From Jon Lansner at the O.C. Register: How banks may lose $430 billion more

Banks are projected to lose $430 billion on commercial real estate loans in the next two to three years [said] Stan Mullin, an associate with California Real Estate Receiverships in Newport Beach
...
Highlight’s of Mullin’s talk:
•$1.4 trillion in commercial loans are coming due in the next five years.
•That’s equal to the same amount that came due in the last 15 years.
•Lenders could take massive losses on their real estate portfolios from 2010-2013.
This is similar to the recent presentation by Dr. Randall Zisler, CEO of Zisler Capital Partners:
A crisis of unprecedented proportions is approaching. Of the $3 trillion of outstanding mortgage debt, $1.4 trillion is scheduled to mature in four years. We estimate another $500 billion to $750 billion of unscheduled maturities (i.e., defaults).
And from the WSJ in October:
Commercial real-estate loans are the second-largest loan type after home mortgages. More than half of the $3.4 trillion in outstanding commercial real-estate debt is held by banks.
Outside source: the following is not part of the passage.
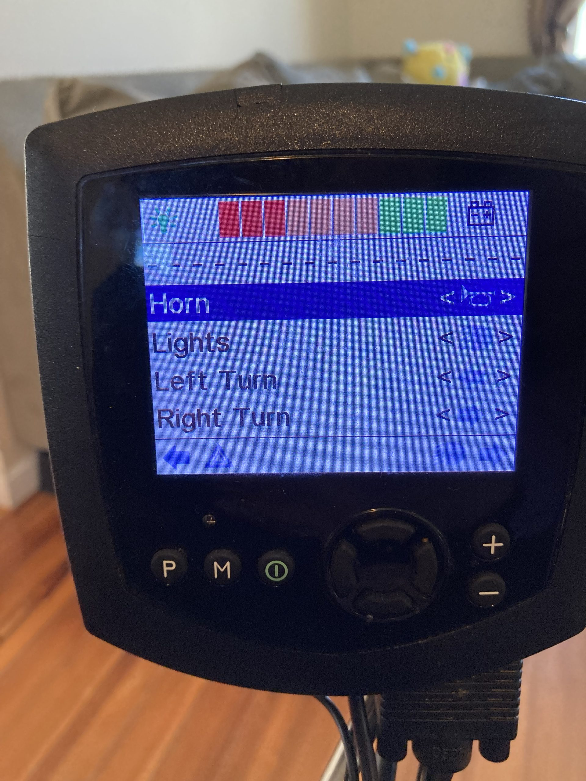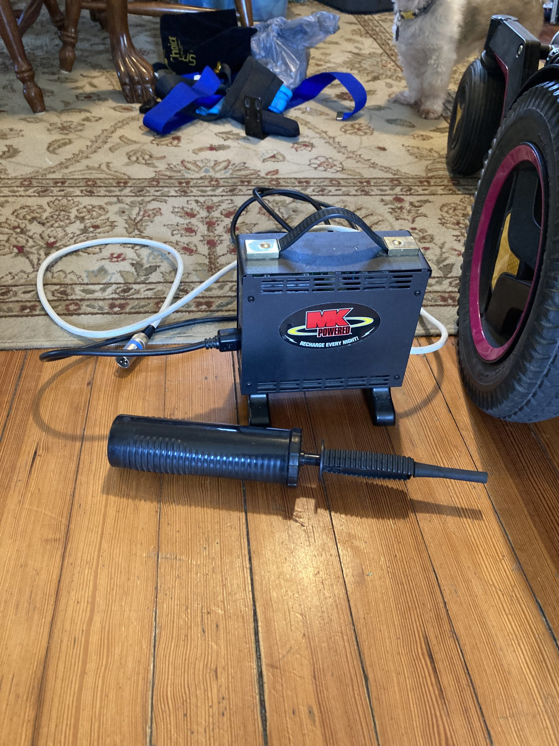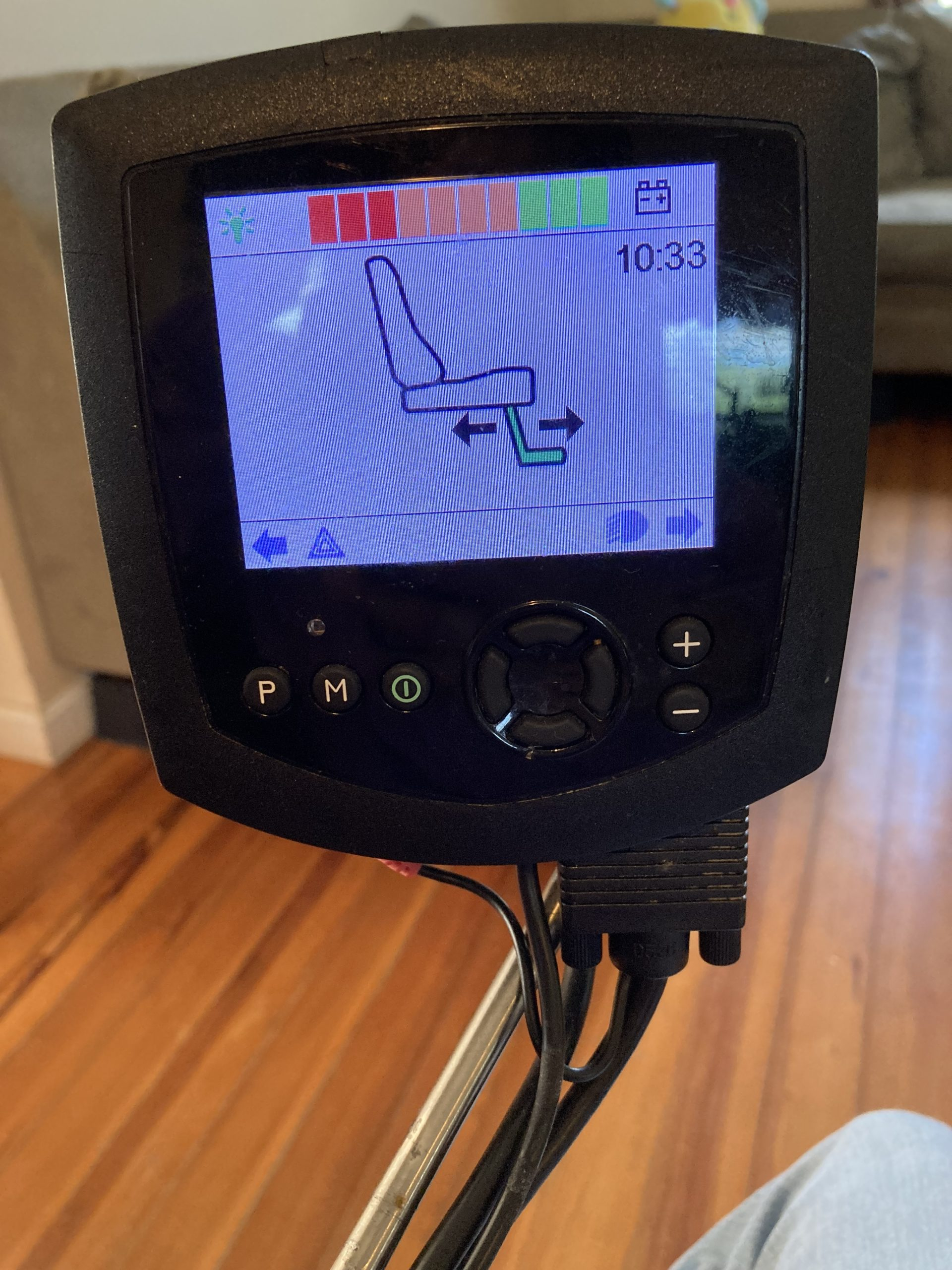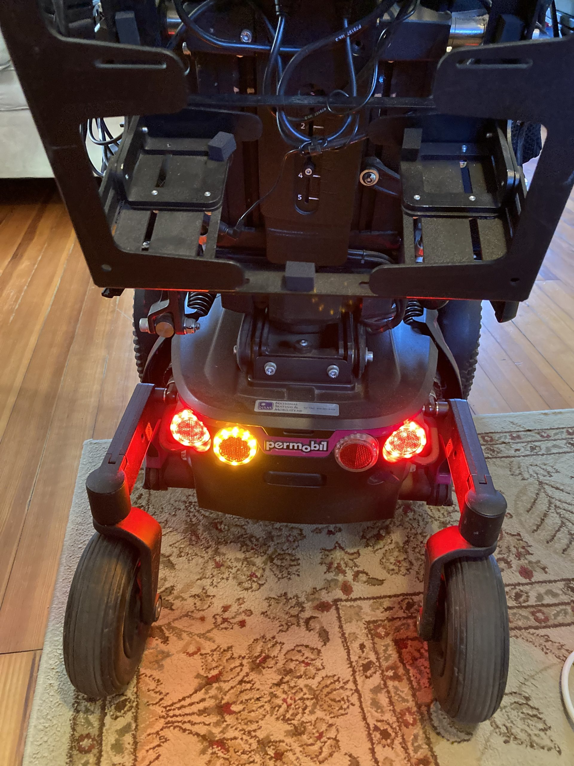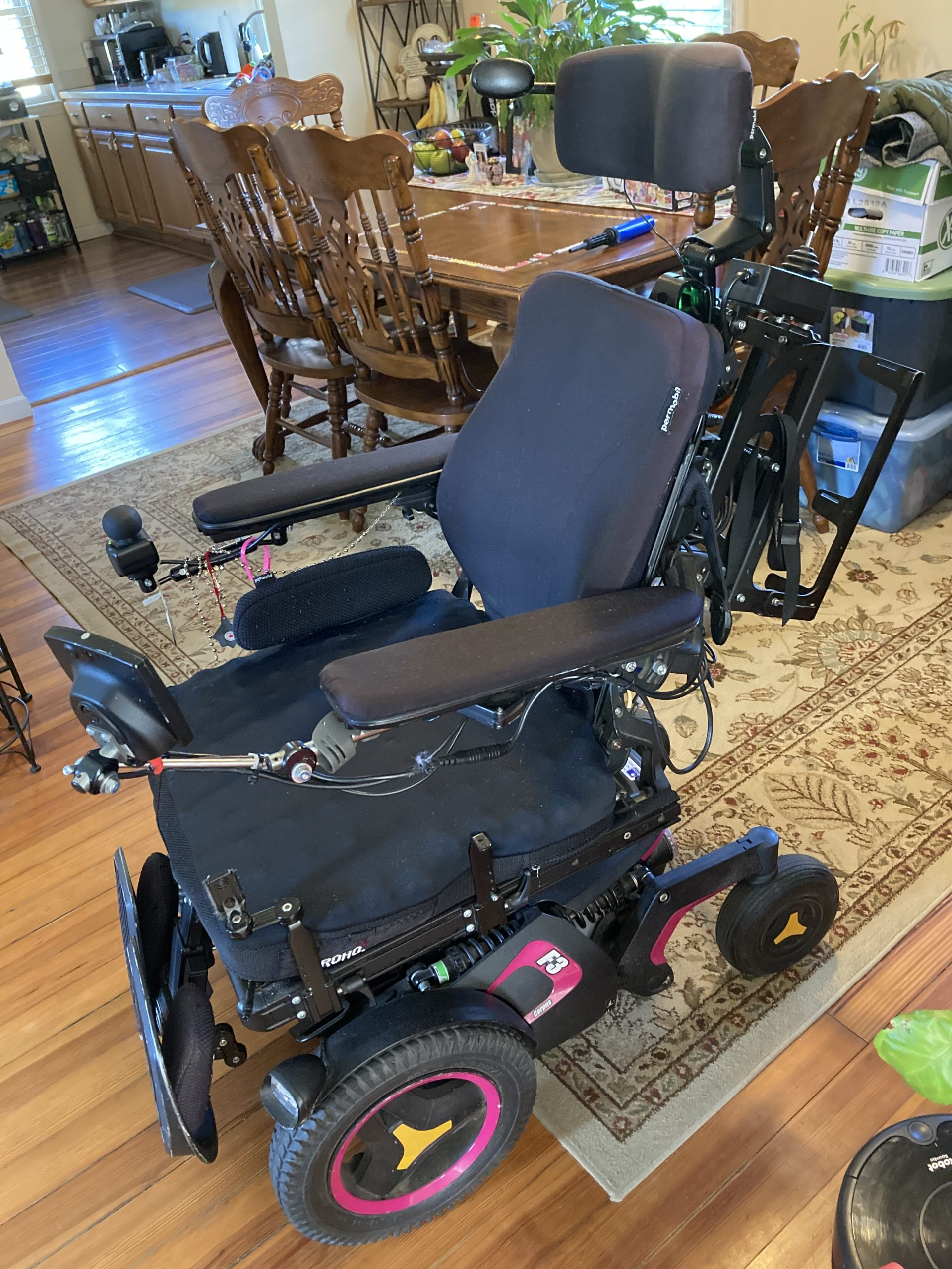 Permobil power wheelchair, black with pink. Has headlights, taillights, directionals, it can fully recline. It goes up vertically such as bar height in a restaurant. It was used for 6 years and it was $25,000 new but since has had added parts as well as extra to go with it. It has a newer battery.

The Fed presentation states that the most "toxic" loans on bank books are so-called interest-only loans, which require borrowers to repay interest but no principal. Those loans "get no benefit from amortization," the report states.

"Today, most of the borrowers are paying because interest rates are so low, but the question is whether the loans will get paid off when they come due," said Michael Straneva, global head of Ernst & Young's transaction real-estate practice.
And of course this is why the FDIC released the recent Policy Statement on Prudent Commercial Real Estate Loan Workouts
This policy statement stresses that performing loans, including those that have been renewed or restructured on reasonable modified terms, made to creditworthy borrowers will not be subject to adverse classification solely because the value of the underlying collateral declined.
And the "value of the underlying collateral" had definitely declined - by 43% on average according to Moody's.

In the end, the size and timing of the losses really depends on the success of the workouts, and I expect the terms on many of these loans will be extended for a number of years - taking advantage of the very low interest rates and hoping property values eventually rebound.